<<<<
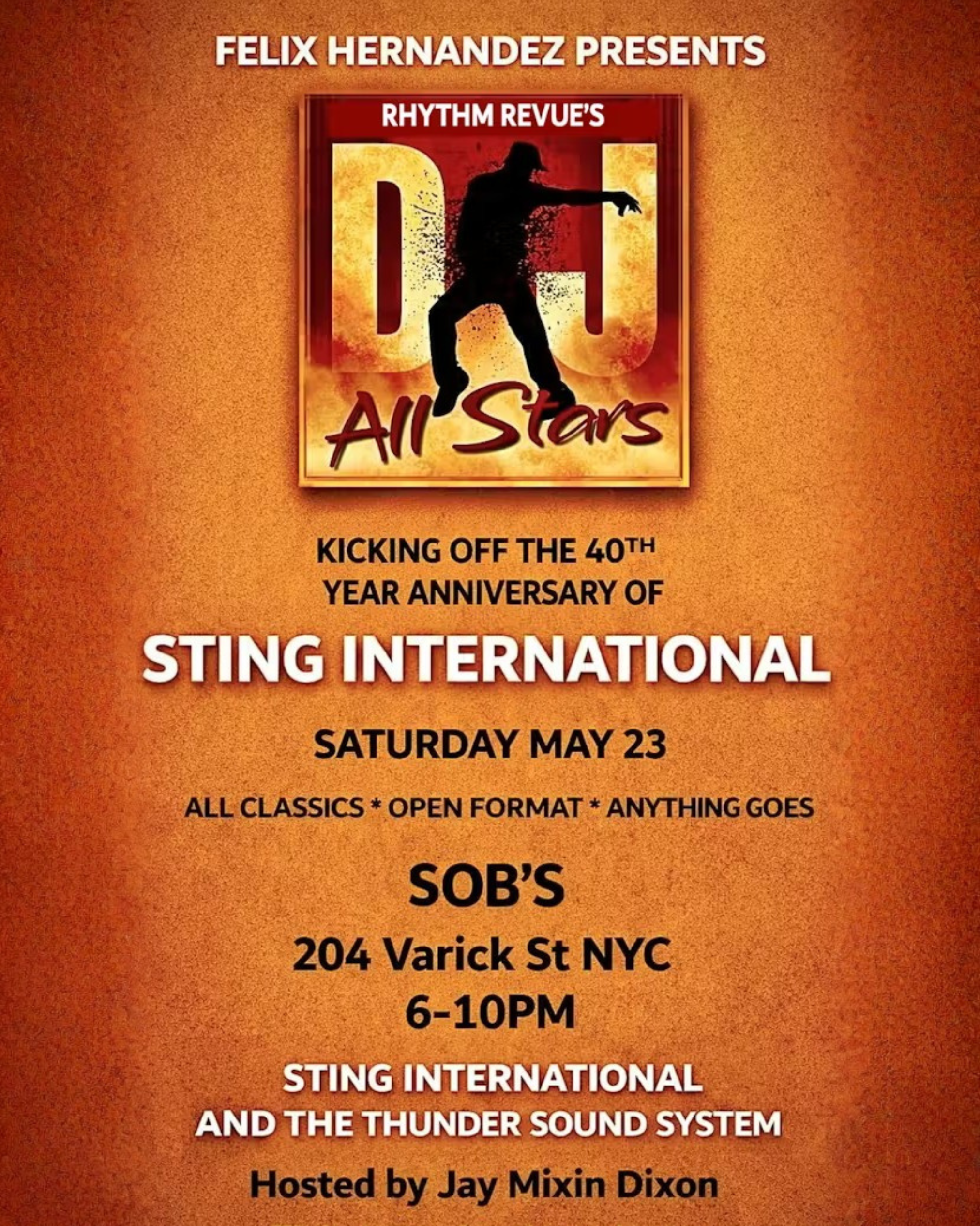 Rhythm Revue Dance Party became official in 1991, and has since been a staple in the classic soul, R&B, and dance communities for over 30 years! STING INTERNATIONAL KICKS OFF HIS 40th YEAR ANNIVERSARY. COME EXPERIENCE THE WORLD RENOWNED THUNDER SOUND SYSTEM.
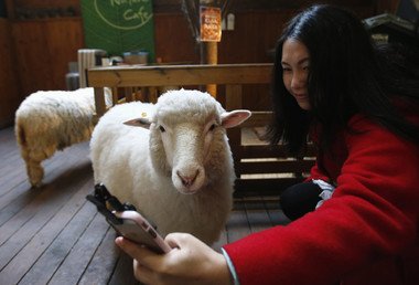 Una mujer se toma una fotografía con una oveja en una cafetería de ovejas en Seúl, Corea del Norte
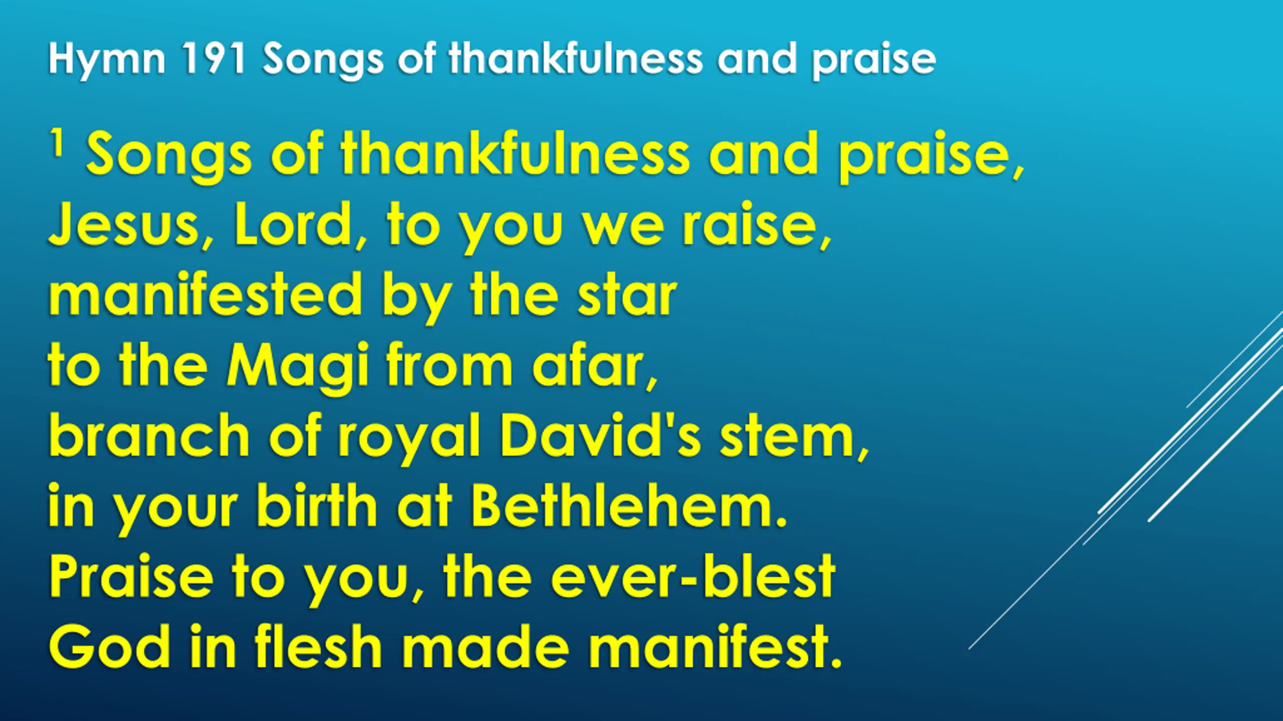 Hymn 191 Songs of thankfulness and praise 1 Songs of thankfulness and praise, Jesus, Lord, to you we raise, manifested by the star to the Magi from afar, branch of royal David's stem, in your birth at Bethlehem. Praise to you, the ever-blest God in flesh made manifest.
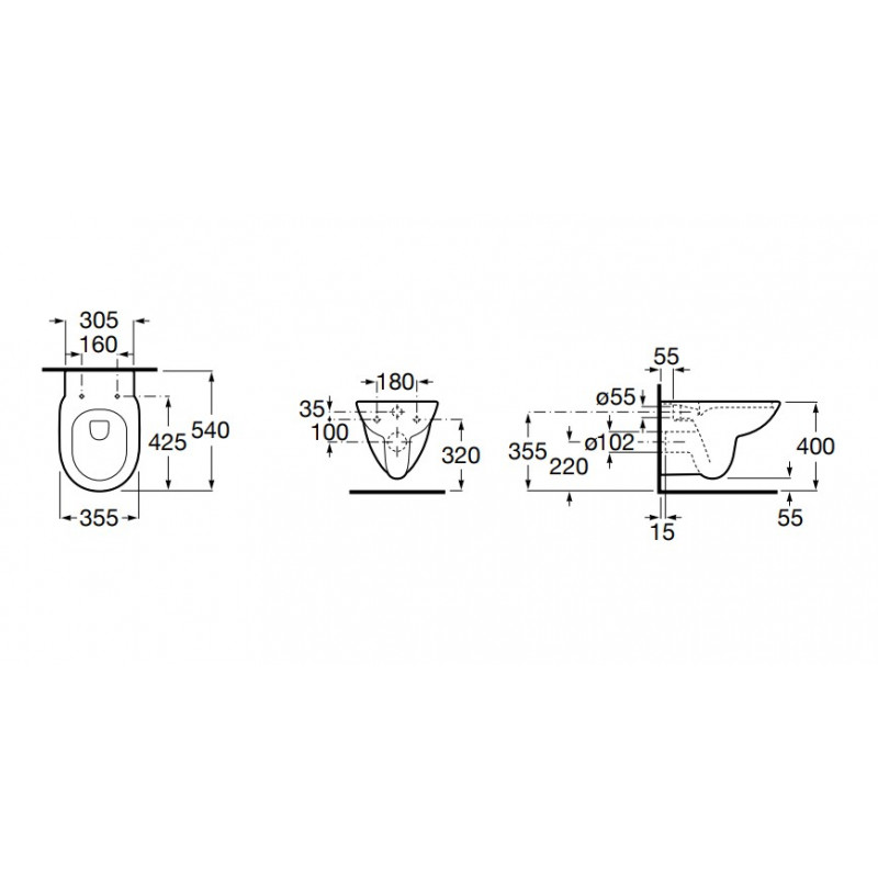 1) Унитаз подвесной Roca Debba Round Rimless с горизонтальным выпуском керамика белый
>>>>
Exercise directions ▸
Before copying the data, remove the pictures. Then repeat the rest exactly.

Solution ▸
 Rhythm Revue Dance Party became official in 1991, and has since been a staple in the classic soul, R&B, and dance communities for over 30 years! STING INTERNATIONAL KICKS OFF HIS 40th YEAR ANNIVERSARY. COME EXPERIENCE THE WORLD RENOWNED THUNDER SOUND SYSTEM.
 Una mujer se toma una fotografía con una oveja en una cafetería de ovejas en Seúl, Corea del Norte
 Hymn 191 Songs of thankfulness and praise 1 Songs of thankfulness and praise, Jesus, Lord, to you we raise, manifested by the star to the Magi from afar, branch of royal David's stem, in your birth at Bethlehem. Praise to you, the ever-blest God in flesh made manifest.
 1) Унитаз подвесной Roca Debba Round Rimless с горизонтальным выпуском керамика белый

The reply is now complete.